WHAT TO PRODUCE ▸ Instruction for the entries below: return the part that opens with the line containing "Unser LED-Truck ist" and closes with the line containing "打开国家中小学智慧教育平台首", exactly, and no pictures.

Data records
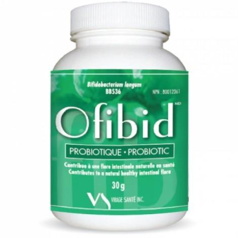 Ofibid is produced with only Bifidobacterium longum BB536. This strain colonizes the low part of the digestive system. The fixation is preferentially done in the large intestine (anaerobic system = no oxygen). Ofibid helps relieve unease associated with constipation, gas and bloating while favoring regularity and gastrointestinal heal.
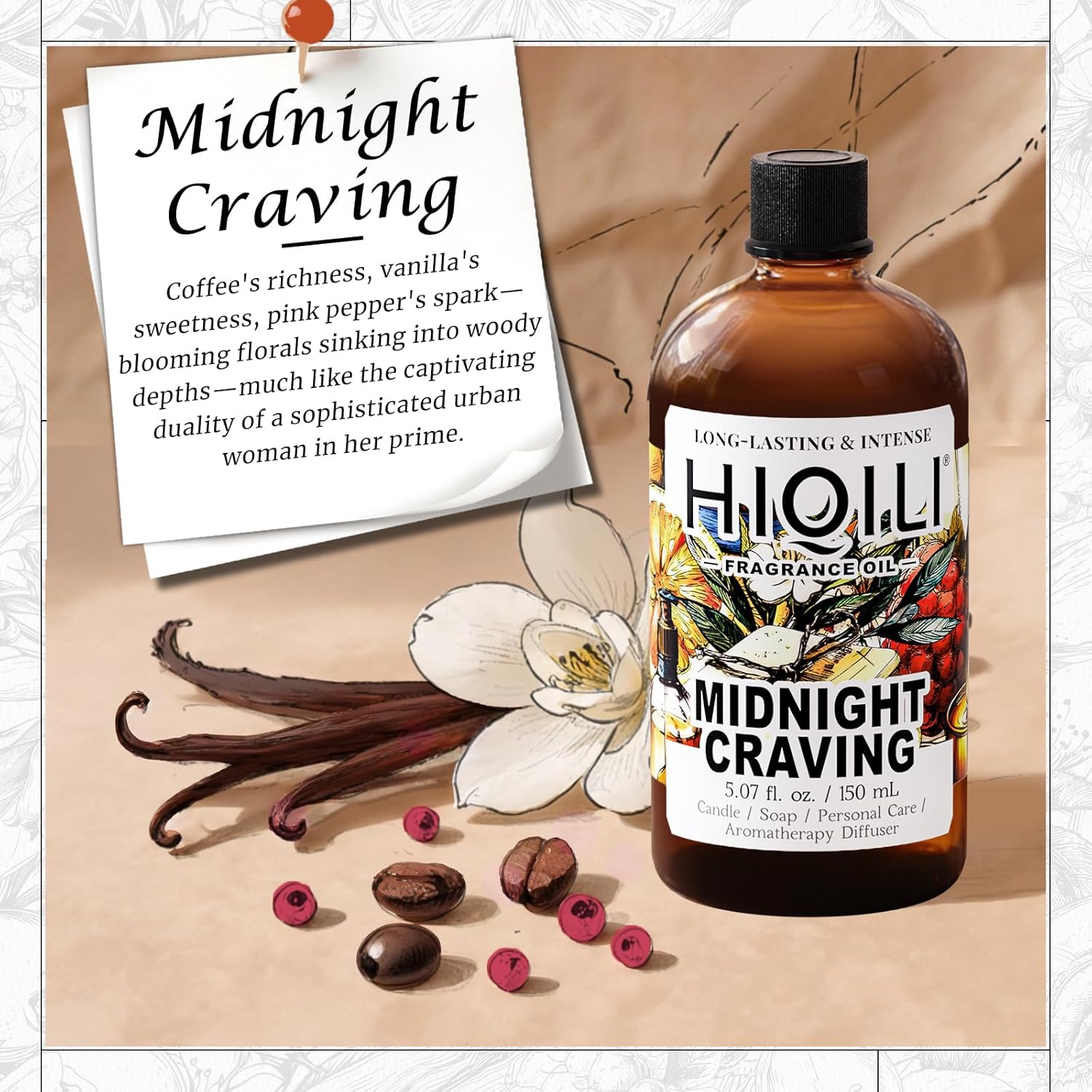 HIQILI Midnight Craving Fragrance Oil, Inspired by Y S.L's B.Lack O.pium, for Diffuser, Candle & Soap & Perfume Balm Making, Sweet Gourmand Aroma- 5.07 Fl Oz
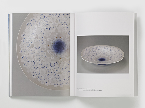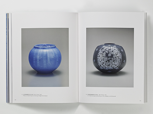 本図録では、中田一於氏の初期から現在に至るまでの代表作を中心に構成。淡青釉、藍青釉、淡桜釉、紫苑釉、白銀釉といった多彩な色釉と銀彩が織りなす表現の変遷をたどることができます。
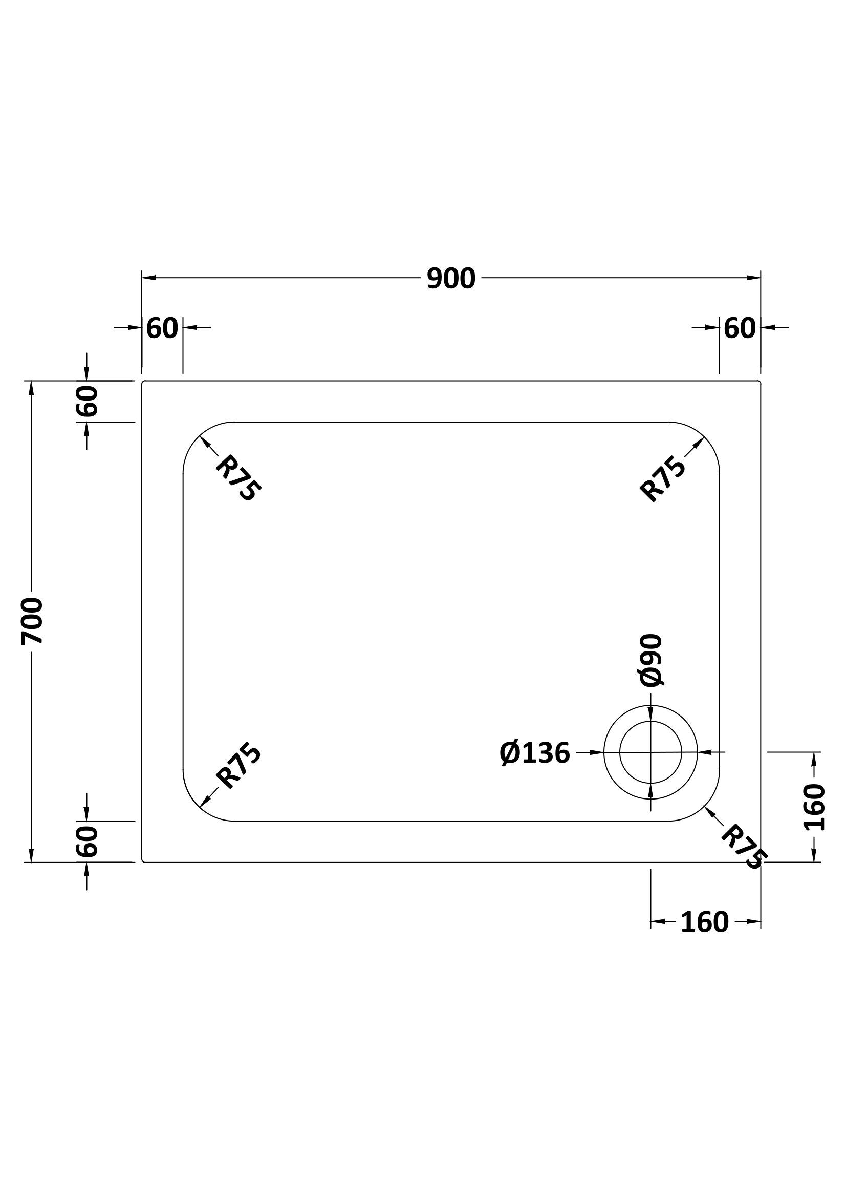 Hydro45 900 x 700mm White Rectangular Shower Tray
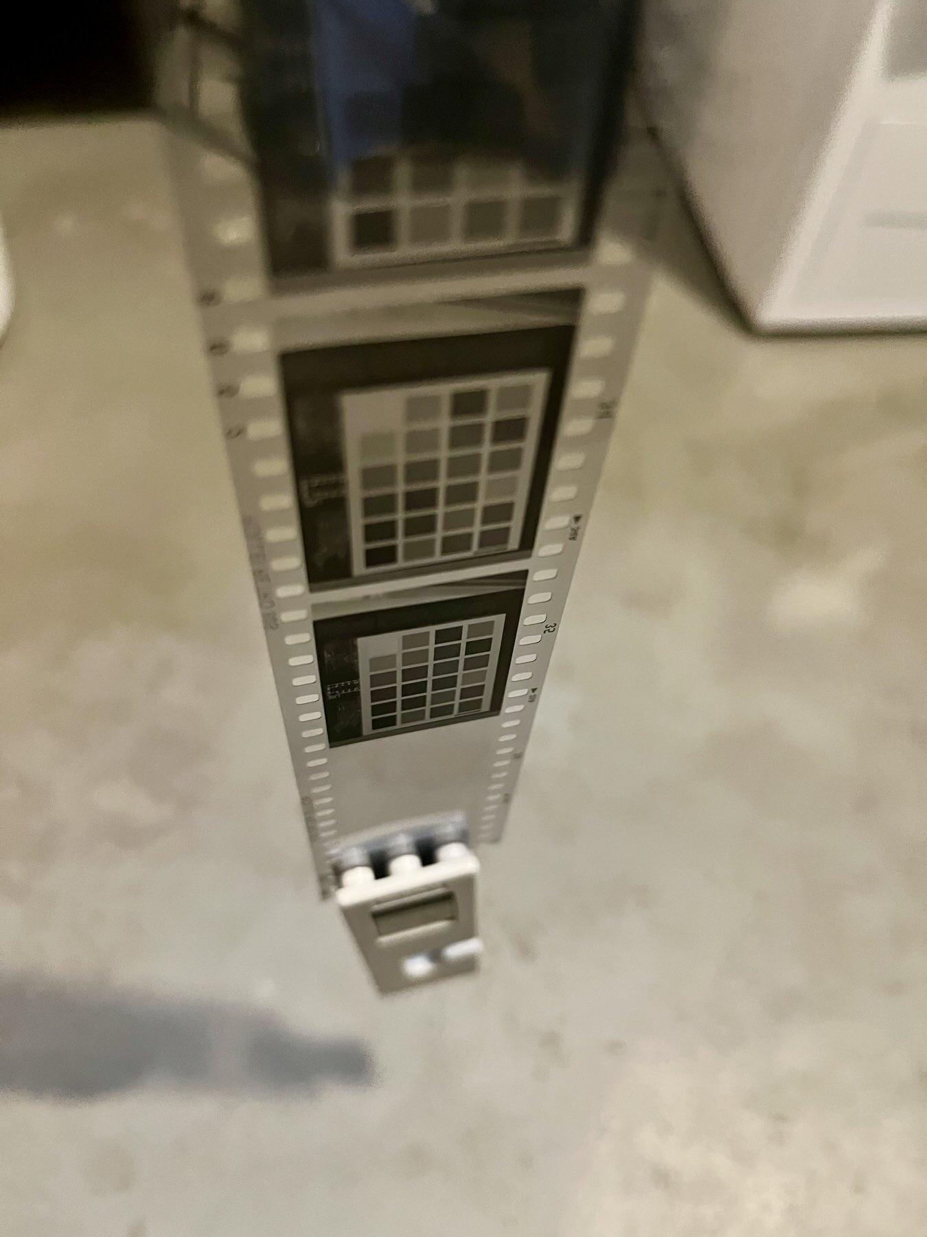 Als erstes Fazit kann ich sagen, dass die Trägermaterialien bei den beiden superpanchromatischen Filmen tatsächlich vollkommen klar sind – der Adox wird ja auch damit beworben, dass man ihm zum Diafilm umkehrentwickelt kann. Der Pan F weißt eine leichte Lila-Färbung auf, der Ilford Ortho eine typische Graufärbung. Anhand der einkopierten Filmbezeichnung würde ich vermuten, dass der Pan F länger hätte entwickelt werden müssen. Die schwache Randbeschriftung ist mir auch schon bei den Mittelformat-Ilfords aufgefallen. Der erste Blick auf die Negative scheint aber keine nennenswerte Unterentwicklung zu zeigen. Alle 4 Filme sehen anständig belichtet und entwickelt aus – bis auf die Fotos, die ich mit Infrarotfilter fotografiert habe. Diese scheinen allesamt recht dicht belichtet zu sein. Ob das am Motiv lag oder an der von mir angewendeten Verlängerung der Belichtungszeit um 6 Stufen, kann ich vielleicht besser beurteilen, wenn die Filme gescannt sind.
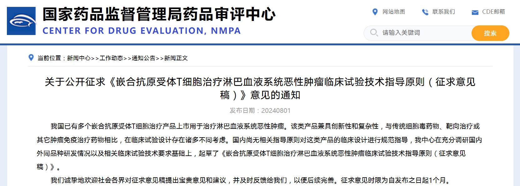 關(guān)于公開征求《嵌合抗原受體T細胞治療淋巴血液系統(tǒng)惡性腫瘤臨床試驗技術(shù)指導(dǎo)原則(征求意見稿)》意見的通知
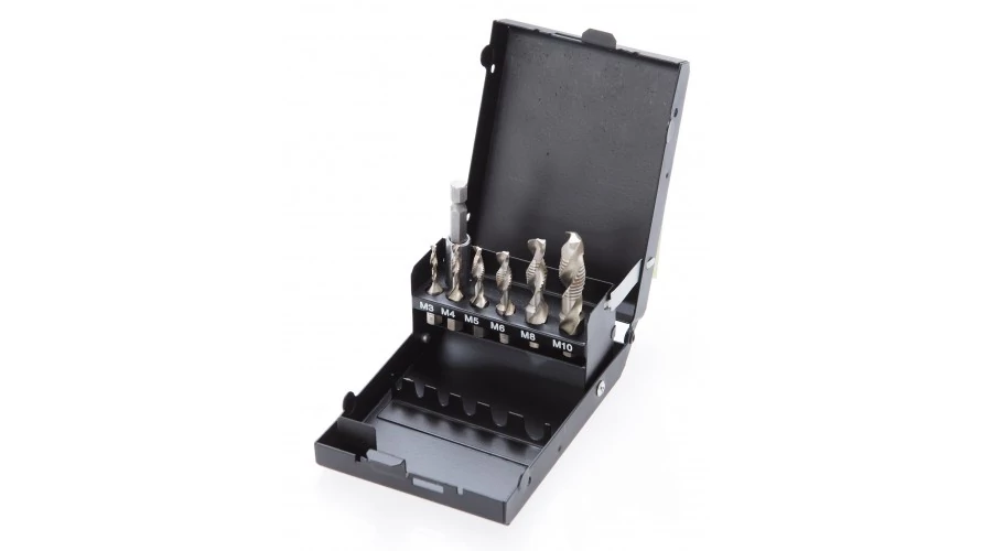 6 kombinált fúró: M3x0,5-M4x0,7-M5x0,8-M6x1,0-M8x1,25-M10x1,5
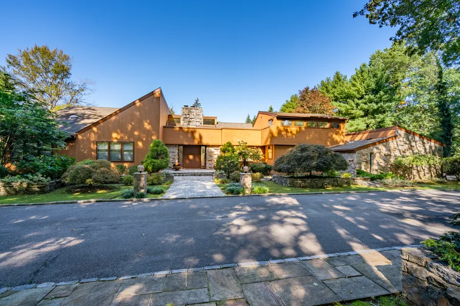 This cedar and stone home resonates a feeling of serenity, clarity and light as each and every window takes in the entire expanse of the landscape. Richly appointed with oak flooring, soaring ceilings, an open floor plan and walls of windows. The open layout features a dramatic great room, inviting den, formal dining room and a separate wing that's ideal for long term guests or a home remote office. Coveted main floor primary suite with three additional bedrooms on the second level and another on the main level. The two acre property boasts an entertainment complex with an inground pool, tennis court and an expansive patio surrounded by mature gardens. Generous cabana is ideal for summer entertaining. Golf, equestrian trails, the beach, the Tilles Center for the Performing Arts and the famed Americana shopping center are conveniently located nearby. Only 25 miles from NYC. Jericho SD.
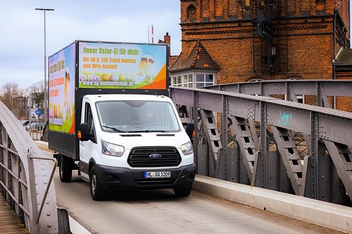 Unser LED-Truck ist mit deiner Botschaft auf Wunsch 24/7 im Einsatz. Das heißt: Hohe Reichweite, garantierte Kundennähe und ständige Verfügbarkeit. Und das mit geringerem persönlichen Zeitaufwand.
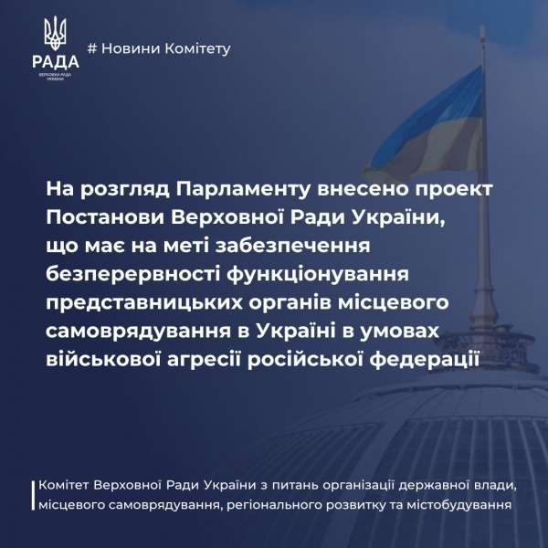 У Комітеті з питань організації державної влади опрацьовується проект Постанови, що має на меті забезпечення безперервності функціонування представницьких органів місцевого самоврядування в Україні в умовах військової агресії російської федерації
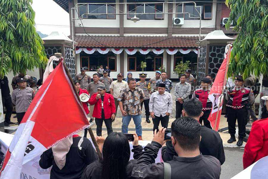 GMNI Trenggalek menggelar aksi damai di depan Kantor DPRD Trenggalek sebagai bentuk kekecewaan atas kinerja Bupati Trenggalek, Mochamad Nur Arifin.
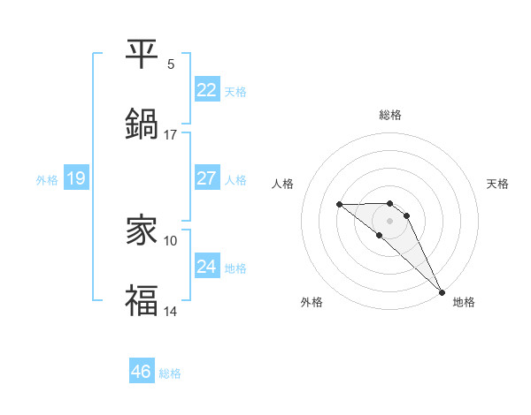 平鍋 家福さんを姓名の画数から五運を鑑定
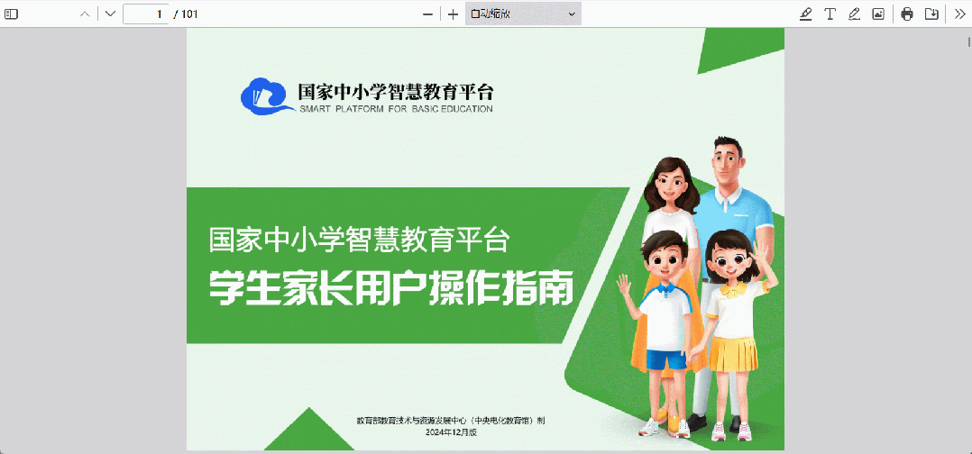 打开国家中小学智慧教育平台首页,点击侧边栏【操作指南】—【学生家长用户操作指南】,即可通过pdf浏览器在线浏览。
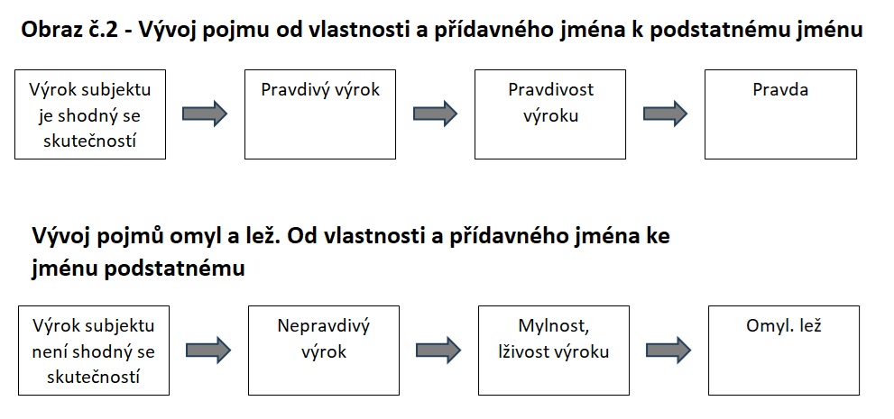 Jak se z přívlastku tvořeného přídavným jménem stalo podstatné jméno? Mylnost nebo lživost tvrzení či názoru byla původně pouze vlastností tohoto tvrzení. Vyjadřovala neshodu se skutečností, ať už neúmyslnou nebo úmyslnou. Vlastnost vyjádřená přídavným jménem se však osamostatnila a vytvořila podstatná jména – omyl, lež a pravda. Viz obrázek č. 2.
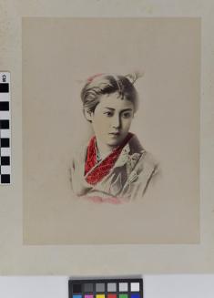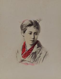 DescriptionThis photograph known as "The Officer's Daughter" is one of the earliest existing portraits of a Japanese Eurasian individual. This beautiful young lady in a kimono wears her hair the western style with a center part and bangs that had become popular in the Meiji era. It seems that the colourist's could chose the type and colour of the floral ornaments worn in the hair.
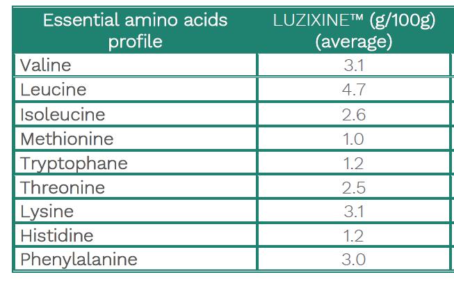 Luzixine™ is guaranteed to be GMO free, suitable for those on vegetarian and gluten-free diets and designed to be used directly as a food supplement or incorporated in the formulation thereof (Figure 3). It is particularly well suited to various applications in the food supplement market, as a super-food, or an alternative to animal proteins.
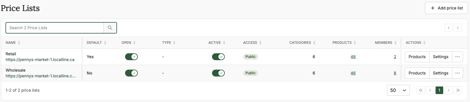 The Price Lists page is where you will add and manage your price lists for different sales channels, like retail or wholesale.

WRITTEN REPLY ▸
 Unser LED-Truck ist mit deiner Botschaft auf Wunsch 24/7 im Einsatz. Das heißt: Hohe Reichweite, garantierte Kundennähe und ständige Verfügbarkeit. Und das mit geringerem persönlichen Zeitaufwand.
 У Комітеті з питань організації державної влади опрацьовується проект Постанови, що має на меті забезпечення безперервності функціонування представницьких органів місцевого самоврядування в Україні в умовах військової агресії російської федерації
 GMNI Trenggalek menggelar aksi damai di depan Kantor DPRD Trenggalek sebagai bentuk kekecewaan atas kinerja Bupati Trenggalek, Mochamad Nur Arifin.
 平鍋 家福さんを姓名の画数から五運を鑑定
 打开国家中小学智慧教育平台首页,点击侧边栏【操作指南】—【学生家长用户操作指南】,即可通过pdf浏览器在线浏览。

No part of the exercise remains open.